1. The source object (call it the game server) rezzes pieces, passing them a parameter that combines:
(a) a random channel to communicate on
(b) a random password
Integers are 32 bits so you've got 16 for a channel and 16 for a password, or a variation thereof. The server and pieces listen on the given channel.

2. Each piece, when rezzed, starts a challenge-response process, sending a message to the game server, which sends back a randomly-generated challenge. The piece then combines that with the password, makes an MD5 hash of that, and sends it back. If the game server recognises that as the same as the as its own hash of challenge + password, it adds the piece's key to a list of approved keys.

This all has to happen within, say, a second or two of the piece being rezzed.

3. From then on, anything saying anything on that channel with a key on the approved list is treated as authenticated. There is no way as far as I know of spoofing keys. This means that all the lag occurs within a few seconds of rezzing pieces - after that, they're authenticated and can communicate as normal.

4. Every game, you generate a new channel and a new password to pass to pieces. The security of this is going to depend on how long your games are. But given that every time a new game starts, someone is going to have to be able to find a 16-bit channel, then find the correct 16-bit password and send a challenge-reponse to confirm that, all within a few seconds, I think that's pretty safe. (And bear in mind that your game could lock out if it receives incorrect responses, because there's no reason a piece would ever get that wrong.)

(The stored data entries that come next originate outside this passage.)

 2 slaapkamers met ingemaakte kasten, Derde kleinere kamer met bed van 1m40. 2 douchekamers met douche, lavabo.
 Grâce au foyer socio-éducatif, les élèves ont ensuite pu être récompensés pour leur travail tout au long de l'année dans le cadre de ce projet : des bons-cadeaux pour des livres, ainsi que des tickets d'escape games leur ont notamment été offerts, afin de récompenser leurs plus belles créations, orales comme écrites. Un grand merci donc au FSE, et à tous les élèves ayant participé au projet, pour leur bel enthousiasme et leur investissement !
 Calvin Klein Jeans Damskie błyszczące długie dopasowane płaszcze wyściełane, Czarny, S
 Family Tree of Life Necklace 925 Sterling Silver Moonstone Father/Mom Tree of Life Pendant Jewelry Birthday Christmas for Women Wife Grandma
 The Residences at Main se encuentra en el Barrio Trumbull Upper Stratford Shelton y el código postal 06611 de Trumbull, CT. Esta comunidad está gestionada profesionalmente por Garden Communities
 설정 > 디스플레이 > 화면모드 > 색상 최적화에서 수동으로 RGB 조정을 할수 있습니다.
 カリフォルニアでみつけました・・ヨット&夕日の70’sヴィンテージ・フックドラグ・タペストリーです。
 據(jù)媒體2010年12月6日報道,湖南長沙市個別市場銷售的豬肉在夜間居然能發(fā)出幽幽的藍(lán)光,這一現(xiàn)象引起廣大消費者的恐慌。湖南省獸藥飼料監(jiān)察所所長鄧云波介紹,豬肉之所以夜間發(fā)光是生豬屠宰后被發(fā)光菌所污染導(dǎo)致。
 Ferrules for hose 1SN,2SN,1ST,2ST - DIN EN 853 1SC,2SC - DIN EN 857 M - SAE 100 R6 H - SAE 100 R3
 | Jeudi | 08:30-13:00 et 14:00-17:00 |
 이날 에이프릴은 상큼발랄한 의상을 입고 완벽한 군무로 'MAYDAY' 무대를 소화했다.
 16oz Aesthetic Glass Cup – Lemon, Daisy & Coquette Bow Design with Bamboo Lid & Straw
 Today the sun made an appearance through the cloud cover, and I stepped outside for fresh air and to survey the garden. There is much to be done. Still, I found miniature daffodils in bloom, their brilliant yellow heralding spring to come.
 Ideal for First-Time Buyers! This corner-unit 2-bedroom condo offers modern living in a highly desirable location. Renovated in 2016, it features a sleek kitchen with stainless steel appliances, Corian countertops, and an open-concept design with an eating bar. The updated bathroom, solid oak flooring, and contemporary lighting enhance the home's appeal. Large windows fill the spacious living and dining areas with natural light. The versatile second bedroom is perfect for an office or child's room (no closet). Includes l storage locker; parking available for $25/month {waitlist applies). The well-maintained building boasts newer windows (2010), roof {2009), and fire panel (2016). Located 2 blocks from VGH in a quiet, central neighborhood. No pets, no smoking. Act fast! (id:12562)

Since it's christmas here now, I dont have too much time to post; but, lots of these idea's actually are not secure -- if someone via some mysterious exploit opens your scripts source; 99% of these will break.

Good security involves using real cryptographic algorithms in the way they are intended. In LSL with the limited space and speed we have, the options are limited; however:

1. Channel Hopping is a bad idea. It makes your code more exploitable, not less; since your publishing the next channel your hopping to; given the range, it's possible that you hit a low number or two, which is open to scanners.

2. llGetOwnerKey() works well, if you do not own, or wear any attachments or build any objects you didnt create, in the vicinity.

Now, onto solutions:

1.
on_rez(i) {
integer randchan = llFloor(llFRand(214748364);
llListen(randchan,"",llGetOwner(),"";
llInstantMessage(llGetOwner(),"Feed key on " + (string)randchan);
}

listen(c,n,k,msg) {
secretkey = msg;
llListenRemove(listener);
}

--- Use the above to load in your secret key at runtime, it will stay in the scripts memory, even if you take it to inventory. Hence, if someone makes another permissions exploit, your still somewhat secure.

2) MD5 is the fastest hashing algorithm we have in LSL; implmenting other ones requires more than 16KB of memory to do effectively. However, MD5 is still reasonably secure.

llSay(channel, msg + "," + llMD5String(msg + secretkey + counter++));

Will place a salted authentication token at the end of your string, when you recieve the message, split it back into it's parts, and try make the MD5String again from the message. Compare to the attached one, if it does not match; then the message should be discarded not used.

The 'counter' should obviously be implemented in a better manner; however it is important to have one element of the salt always changing. Often this is done through challenge-response based authentication, but that would probably take a few more paragraphs to write out, and I've got to run.

On a final note -- some weaker forms of crypotgraphy are possible in LSL. DES and 3DES are possible to implement in LSL, without too much trouble.

-Adam

Edit:
XOR'ing isnt very secure if you are sending non-numeric data, and even then, with enough source data, (and with a bit of commonality between it) it can be split back up into unique elements and completely reversed.